O autor é genial nos termos que utiliza e nos contextos que cria. Com um caráter um pouco surreal, envolve-nos neste ambiente que nos agita por dentro, levando-nos a analisar as inúmeras circunstâncias com outro filtro e outra astúcia. Assim, através de um texto delicioso de desvendar, consegue abordar temas tão distintos e pertinentes como a saudade, a maldade [sobretudo, entre jovens], a culpa, o arrependimento, a perda, a saúde mental, a procura de respostas, a paixão, o amor. E é por essa razão que a literatura tem tanto peso: porque, ao mesmo tempo que nos estende a passadeira dos sonhos, retira-nos o tapete e torna-nos mais conscientes. Naturalmente, este processo é muito íntimo - e nem sempre intuitivo -, mas, quando nos predispomos a sentir, a experiência é ainda mais enriquecedora. Transformadora. Visceral. E a transbordar sentido e aprendizagens.
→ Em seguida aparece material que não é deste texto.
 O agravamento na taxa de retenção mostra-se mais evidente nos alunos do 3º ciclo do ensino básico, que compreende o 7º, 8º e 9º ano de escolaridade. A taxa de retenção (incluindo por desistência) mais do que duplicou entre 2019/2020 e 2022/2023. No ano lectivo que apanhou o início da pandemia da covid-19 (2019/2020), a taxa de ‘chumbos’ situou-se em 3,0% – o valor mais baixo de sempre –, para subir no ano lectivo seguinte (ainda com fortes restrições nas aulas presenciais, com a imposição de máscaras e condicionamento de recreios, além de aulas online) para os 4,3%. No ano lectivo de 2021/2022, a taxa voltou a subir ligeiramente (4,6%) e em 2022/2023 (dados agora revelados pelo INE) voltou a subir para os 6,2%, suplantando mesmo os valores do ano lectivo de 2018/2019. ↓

Os Livros que Devoraram o meu Pai aparenta ter uma história simples, contudo, a mensagem é poderosa. Porque demonstra a consequência dos nossos atos, a força da nossa crença e o quanto há aspetos que ficam em segundo plano quando nos concentramos, verdadeiramente, no que estamos a ler. Nesta teia perfeita, com referência a outras obras, seguimos as pegadas de um pai e as de um filho que pretende restituir esses passos, com o intuito de entender qual foram o seu destino. Embora o final seja algo abrupto, arrepia e torna-se o impulso necessário para colocarmos a nossa jornada em perspetiva. E quase como um sopro, transmite-nos a bonita sensação de nos perdermos nas palavras, de nos deixarmos engolir por um mundo alternativo, que se camufla numa espécie de puzzle, de caça ao tesouro, porque há pistas imprescindíveis. E um pormenor que muda toda a sequência.
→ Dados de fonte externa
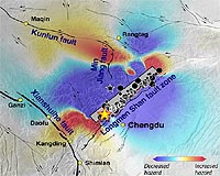Washington DC (SPX) Sep 16, 2008 Researchers analyzing the May 2008 Wenchuan earthquake in China's Sichuan province have found that geological stress has significantly increased on three major fault systems in the region. The magnitude 7.9 quake on 12 May has brought several nearby faults closer to failure and could trigger another major earthquake in the region. Geophysicists used computer models to calculate the changes in stress along the Xianshuihe, Kunlun, and Min Jiang faults, which lie about 150 to 450 kilometers (90 to 280 miles) from the Longmen Shan rupture that caused the devastating quake. The research team also examined seismic activity in the region over the past decade. The scientists found that the 12 May event has doubled the probabilities of future earthquakes on these fault lines. Specifically, they estimated the probability of another earthquake of magnitude 6 or greater in the region is 57 to 71 percent over the next decade. There is an 8 to 12 percent chance of a quake larger than magnitude 7 in the next decade and 23 to 31 percent in the next 30 years. The research team reported its findings on 9 September in Geophysical Research Letters, a journal of the American Geophysical Union (AGU). "One great earthquake seems to make the next one more likely, not less," says Ross S. Stein of the U.S. Geological Survey (USGS) in Menlo Park, California, a member of the team led by Shinji Toda of the Geological Survey of Japan, in Tsukuba. "We tend to think of earthquakes as relieving stress on a fault. That may be true for the one that ruptured, but not for the adjacent faults," Ross adds. In 1999, a magnitude 7.4 (M7.4) earthquake in Izmit, Turkey, was followed four months later by an M7.1 event in nearby Duzce. The devastating December 2004 Sumatra earthquake (M9.2) and tsunami were followed by an M8.7 quake three months later. "Because the Tibetan Plateau is one of the most seismically active regions in the world, we believe there is credible evidence for a new major quake in this region," says Jian Lin of the Woods Hole Oceanographic Institution (WHOI), who is also on the team. "The research community cannot forecast the timing of earthquakes, and there are still significant uncertainties in our models. But the Turkey and Sumatra events indicate that one major earthquake can indeed promote another." Researchers see it as a domino-like effect, where the movement of one piece of Earth's crust means that another piece must move up, down, or away. While the stress in the crust gets reduced in some locations, it is transferred to other faults nearby. Large aftershocks that occurred on 1 August and 5 August in the Sichuan region of China may fit with this predicted pattern. "Earthquake prediction is a bit like the thundercloud and lightning," Toda explains. "We can forecast that lightning will come from a thundercloud, but we cannot predict the exact time and place where the lightning will hit. With earthquakes, we can roughly forecast the probability of activity over broad ranges of time, magnitude, and location, but we cannot determine the exact value for any of these." On 12 May 2008, about 300 kilometers (190 miles)of the Longmen Shan fault zone ruptured in an earthquake that killed at least 69,000 people and left another 5 million homeless. It was the deadliest and strongest earthquake to hit China since the 1976 Tangshan earthquake, which killed at least 240,000. As pieces of the Longman Shan fault slipped by as much as nine meters (28 feet) in the May quake, stress increased along the neighboring Xianshuihe, Kunlun, and Min Jiang faults, according to Toda and colleagues. All three faults have a history of large quakes, though portions of each have been quiet for most of the past century. All three faults were considered to be primed for an earthquake even before the recent events. In addition to the broad prediction of earthquake triggering, the researchers have also forecasted the rate and distribution of seismic shocks greater than magnitude 6, a prediction that they plan to test from seismic stations over the next decade. "Our paper predicts the change in the rate of small earthquakes for the faults in the region, and now we can test that prediction," says Stein. "If the rate of shocks increases on the adjacent faults, then we can confirm at least part of our hypothesis that large shocks are also more likely. It may take time, but it is a testable hypothesis." In western China, the intrusion of the Indian sub-continent pushes the Tibetan Plateau up and over the older Sichuan Basin and other parts of the Eurasian continent. An estimated 33 percent of world's continental earthquakes occur in China, even though it only occupies 7 percent of the planet's land mass. Nearly 55 percent of all human loss to earthquakes occurs in China. "Earthquakes do not kill people, buildings do," says Lin, who was a high school student in China when the devastating Tangshan earthquake struck. "There needs to be widespread education in earthquake preparedness, as well as systematic inspection of buildings in these regions of heightened risk. Every new building inspection and evacuation plan could potentially save lives." "We hope the long-term forecasting allows the Chinese government to make it a priority to mitigate future damage," Toda adds. "We recommend that Chinese scientists carefully observe changes in seismicity by installing new seismometers in the region." Mustapha Meghraoui of the Institute of Geophysics in Strasbourg, France also collaborated on the research. Lin, Toda, and Stein were preparing to teach an earthquake modeling course to Meghraoui's students and colleagues in France when the 12 May earthquake occurred. The researchers immediately went into action, working with an international group of scientists to analyze the new stresses on the system. An early version of the manuscript by Toda et al. Was circulated to several dozen Chinese scientists and government officials a

Afonso Cruz escreveu, portanto, no seu jeito ímpar, uma ode à boa literatura e aos sentimentos do leitor. Porque o ser humano é feito de histórias: das que lê, das que cria, das que vive. E todas coabitam no mesmo espaço. Transportando-nos para os lugares que imaginamos, quem é que não gostaria de fugir para dentro de um livro?
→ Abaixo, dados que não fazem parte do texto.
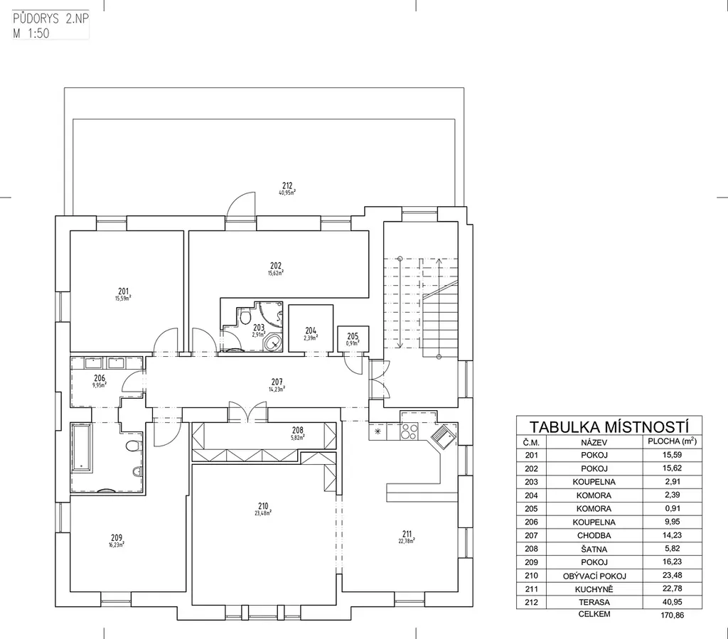 Do prvního patra se dostaneme po schodech (dům je bez výtahu). Byt je velice slunný (okna jsou orientována na jih, západ a sever, terasa je na východní straně domu. Všechny pokoje spojuje chodba. Pokoje tedy nejsou průchozí. Byt se skládá ze 4 pokojů, kuchyně s jídelnou, dvou koupelen (obě s WC), prostorné šatny, dvou komor a chodby.
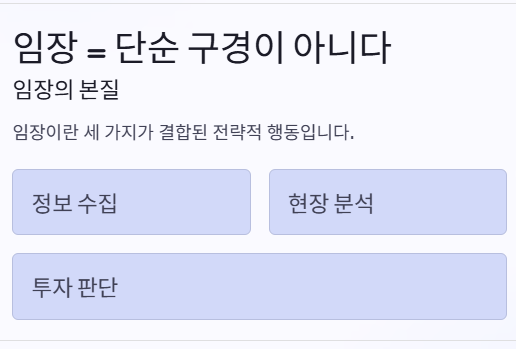 즉, 임장이란 정보 수집 + 분석 + 판단이 결합된 행동입니다.
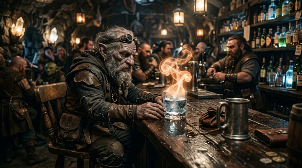 Elib attempts to drink a rare and potent beverage called “Deep Gnome Everclear,” produced by deep gnomes, which few have successfully consumed. The drink appears as a clear liquid with strange orange fumes and causes intense effects resembling being hit by a brick, followed by a recovery phase. Elib successfully passes fortitude and wisdom saves, impressing the crowd and earning a place on a bar plaque. A challenge is issued for another drink, with bets placed and consequences for failing including unconsciousness or permanent intelligence loss. Elib wins the fortitude save but fails the will save, suffering a permanent -1 intelligence penalty, reducing his intelligence score. The group discusses possible magical remedies like Restoration or Regenerate spells to heal the damage, though physical brain damage may be difficult to remedy.
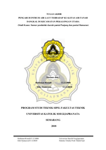RISTADI, ROKHMAN (2018) PENGARUH INTRUSI AIR LAUT TERHADAP KUALITAS AIR TANAH DANGKAL DI KECAMATAN PEKALONGAN UTARA (Studi Kasus: Sumur penduduk daerah pantai Panjang dan pantai Slamaran). Other thesis, Unika Soegijapranata Semarang.

Deixo-vos, agora, com algumas citações:

«[...] um bom livro deve ter mais do que uma pele, deve ser um prédio de vários andares. O rés do chão não serve à literatura. Está muito bem para a construção civil, é cómodo para quem não gosta de subir escadas, útil para quem não pode subir escadas, mas para a literatura há que haver andares empilhados uns em cima dos outros. Escadas e escadarias, letras abaixo, letras acima» [p:14];

«Uma biblioteca é um labirinto. Não é a primeira vez que me perco numa» [p:27];

«- Não digas disparates, ó Bombo. Ela está sempre rodeada de gente.
- E depois? É a melhor maneira de nos sentirmos sozinhos» [p:52];

«- Atreve-te. E já agora: uma coisa é viver passando de árvore em árvore, mas como é que viverias num sótão fora de moda?
- Muito simples, passaria de livro em livro» [p:94];

«Nós, personagens fictícias da vida real, não temos como alterar o passado. Está escrito, foi assim e não há nada mais a fazer» [p:117].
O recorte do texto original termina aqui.